Paul B. Gallagher wrote:
John wrote:
I've been using SeaMonkey, and before that the Mozilla Suite and
Netscape for email for over 10 years. I have my "inbox" contents sorted
into numerous sub-folders. I keep most non-spam emails indefinitely for
future reference. I estimate that I currently have over 30,000 messages
in these folders. There are over 10,000 messages in my "sent" folder.
Is there any specific limit to the number of messages I can save in
this manner? Is there any way of moving older messages to a different
location so they don't have to be loaded every time I start the
program and still have the ability to easily search and read them when
necessary?
What I want to avoid is a sudden crash caused by too many messages
which would cause me to lose everything. (I do backup these folders on
a regular basis). Thanks!
I found that Mozilla got cranky when the Inbox itself had a lot of
messages in it, so I've gotten in the habit of keeping it pretty small
(say a coupla hundred messages) and saving messages elsewhere (not in
subfolders of Inbox, but in folders at the same level).
I would like to establish a place on my computer where sent and received
messages could be saved...a place where it would continue to be
accessible for reading and/or reintroduction back on the internet. I'm
not sure how to make this happen. I, an amateur at computer technical
activities, would appreciate an elementary level blow by blow on how to
accomplish this task.
Thanks in advance for any helpful words sent my way on this subject.
Frog
E.g.,
Inbox
Sent
2000
2001
2002
2003
2004
...
Received
2000
2001
2002
2003
2004
...
where "Received" contains old incoming messages.

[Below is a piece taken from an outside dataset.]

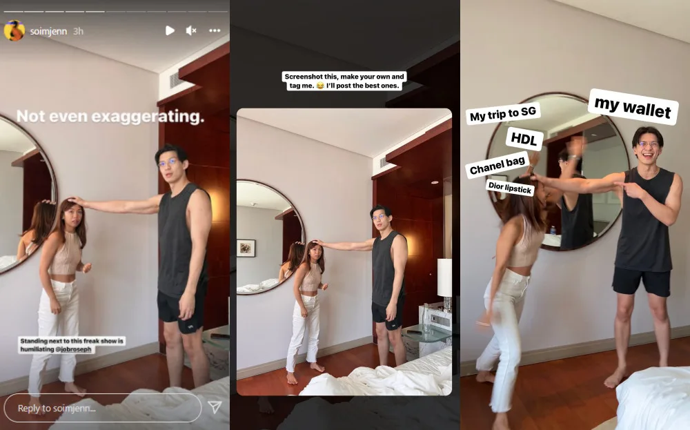 Needless to say, everyone found it adorable. “Standing next to this freakshow is humiliating,” Jenn sighed in another story. She then challenged netizens to make memes out of her mini video and even gave an example of one. Of course, eager fans rose to the challenge, especially after Jenn promised to post the best ones.

You also want to periodically compact folders in Mozilla or SeaMonkey --
messages aren't actually deleted until you compact folders. Until then,
they sit there marked for deletion, invisible to you but taking up
computer disk space and brainpower.
As with all computer data, "if you love me, back me up." If you're
keeping all that data on your computer and crossing your fingers for
protection, you're begging for trouble.